このような中、2015年9月の第70回国連総会において、ミレニアム開発目標(MDGs)〈注9〉の後継である「持続可能な開発のための2030アジェンダ」が採択されました。この中の「持続可能な開発目標(SDGs)〈注10〉」では、目標(ゴール)8で「包摂的かつ持続可能な経済成長及びすべての人々の完全かつ生産的な雇用と働きがいのある人間らしい雇用(ディーセント・ワーク)を促進する」が設定されました。
< 日本の取組 >
●職業訓練・産業人材育成
日本は、開発途上国において多様な技術や技能のニーズに対応できる人材の育成に対する要請に基づいて、各国で拠点となる技術専門学校および公的職業訓練校に対する支援を実施しています。支援を実施するに当たり、民間部門とも連携し、教員・指導員の能力強化、訓練校の運営能力強化、カリキュラム改善支援等を行い、教育と雇用との結びつきをより強化する取組を行っています。また、8か国12案件で女性・障害者・除隊兵士、難民・紛争の影響下にある人々等の技能開発(スキル・デベロップメント)に貢献しました。

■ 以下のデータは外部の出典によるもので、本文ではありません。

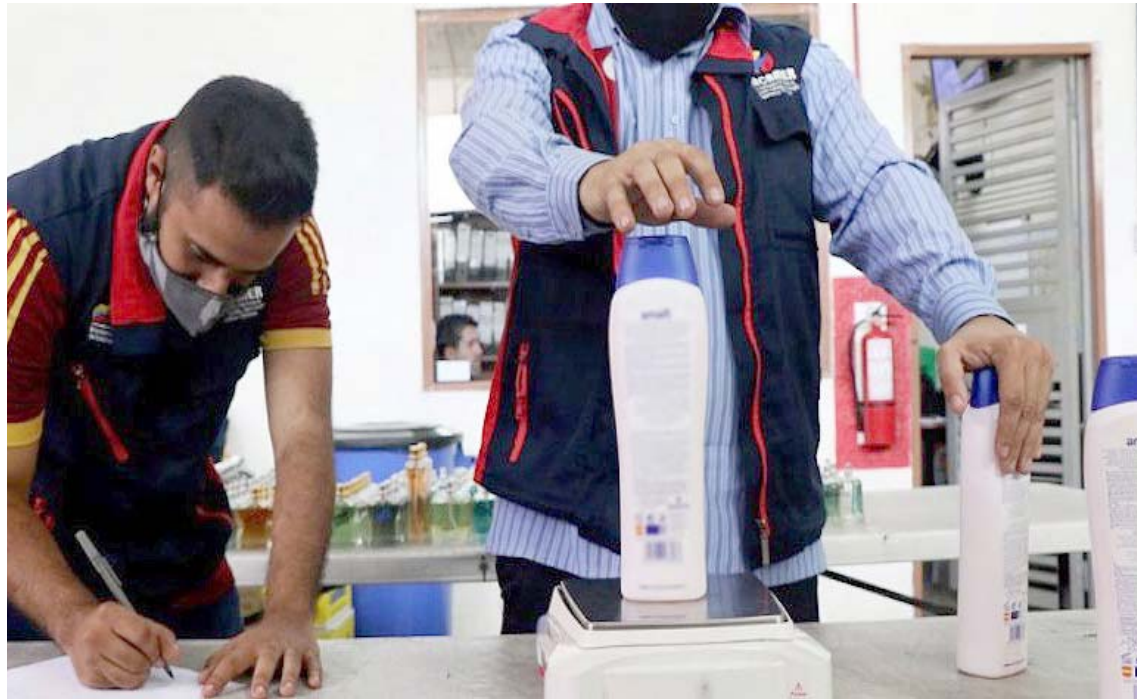
León resumió lo conseguido por la clase obrera este 2020.

Respecto a sus actividades operativas, el Sencamer ejecutó 7.126 fiscalizaciones en estable-
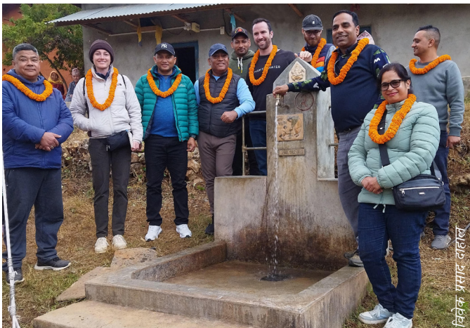
च्यारिटी वाटरका प्रतिनिधिहरू सम्मिलित टोलीले सिन्धुलीस्थित खानेपानी तथा सरसफाइ आयोजनाको अनुगमन गर्दै

अनुगमन टोलीले उपभोक्ता समितिका पदाधिकारीहरूसँग खानेपानी आयोजना दिगो राख्न गरिएका पहलहरू, मर्मत सम्भार कार्यकर्ताको व्यवस्था, खानेपानी गुणस्तर परीक्षण, भैपरि आउने समयमा आयोजना सुचारु राख्न चालिने कदमहरू तथा मर्मत सम्भार कोष रकम र जगेडा सामग्रीको व्यवस्थापन र परिचालनका बारेमा छलफल गर्नुका साथै ओडारे खानेपानी उपभोक्ता समितिसँग आयोजना पुनः मर्मत सम्भार गर्नु पर्ने कारण र यसबाट खानेपानी आयोजनामा पर्न गएको असरबारे जानकारी लिएको थियो ।
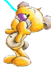
tafel van 5
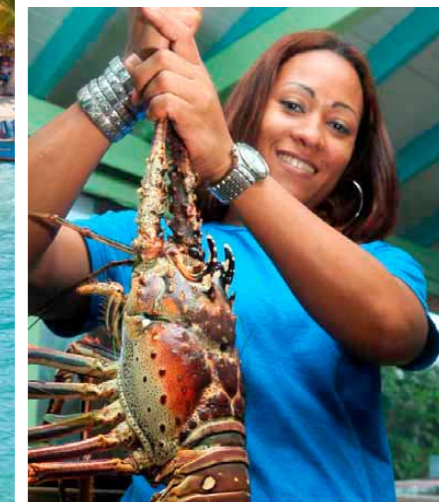
Voor het Fête de la Cuisine wordt het beste van het beste uit de zee gevestigd.

産業人材育成分野においては、2000年から2016年の間に27か国55案件で日本の知見・ノウハウを活かし、カリキュラム・教材の開発/改訂、指導員能力強化・産業界との連携を通じた複合的な協力を実施し、6か国11校の施設、機材を整備し、拠点技術職業訓練教育(TVET:Technical and Vocational Education and Training)機関を支援しました。

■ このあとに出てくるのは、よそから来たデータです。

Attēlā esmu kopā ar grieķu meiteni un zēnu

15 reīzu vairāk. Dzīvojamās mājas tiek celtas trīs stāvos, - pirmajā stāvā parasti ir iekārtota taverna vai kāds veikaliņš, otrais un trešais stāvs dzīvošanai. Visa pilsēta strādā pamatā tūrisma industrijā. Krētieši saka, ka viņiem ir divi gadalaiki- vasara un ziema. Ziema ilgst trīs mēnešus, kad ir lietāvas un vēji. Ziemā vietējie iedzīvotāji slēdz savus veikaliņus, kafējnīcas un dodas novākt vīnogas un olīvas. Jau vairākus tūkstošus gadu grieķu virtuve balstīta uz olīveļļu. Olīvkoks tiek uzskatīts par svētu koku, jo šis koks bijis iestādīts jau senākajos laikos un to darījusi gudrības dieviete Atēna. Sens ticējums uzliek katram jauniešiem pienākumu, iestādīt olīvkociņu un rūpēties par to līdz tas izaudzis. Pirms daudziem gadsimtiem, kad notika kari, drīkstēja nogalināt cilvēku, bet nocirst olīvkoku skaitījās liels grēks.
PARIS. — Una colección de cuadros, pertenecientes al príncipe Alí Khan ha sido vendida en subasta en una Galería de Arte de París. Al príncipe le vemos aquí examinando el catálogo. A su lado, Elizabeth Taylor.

2015年11月の日ASEAN首脳会議では、アジアの持続的成長に役立つ産業人材育成を後押しするため、「産業人材育成協力イニシアティブ」を発表しました。このイニシアティブの下、日本は各国との対話を通じて人材育成のニーズを把握し、産学官の連携を強化し、オールジャパン体制でアジア地域の産業人材育成を支援していきます。たとえば、タイにおいて2016年3月と6月に日タイの産官学の関係者を招いてタイの人材育成ニーズや対応策を話し合う円卓会議を開催したほか、各国への技術協力等を通じて、2016年夏までにASEANにおいて16,000人以上の産業人材育成を達成するなど、着実に取組を進めています。また、2016年8月のTICAD Ⅵにおいても、安倍総理大臣から、2016年から2018年の3年間で、日本の強みである質の高さ(クオリティ)を活かした約1,000万人の人材育成をする旨を表明しています。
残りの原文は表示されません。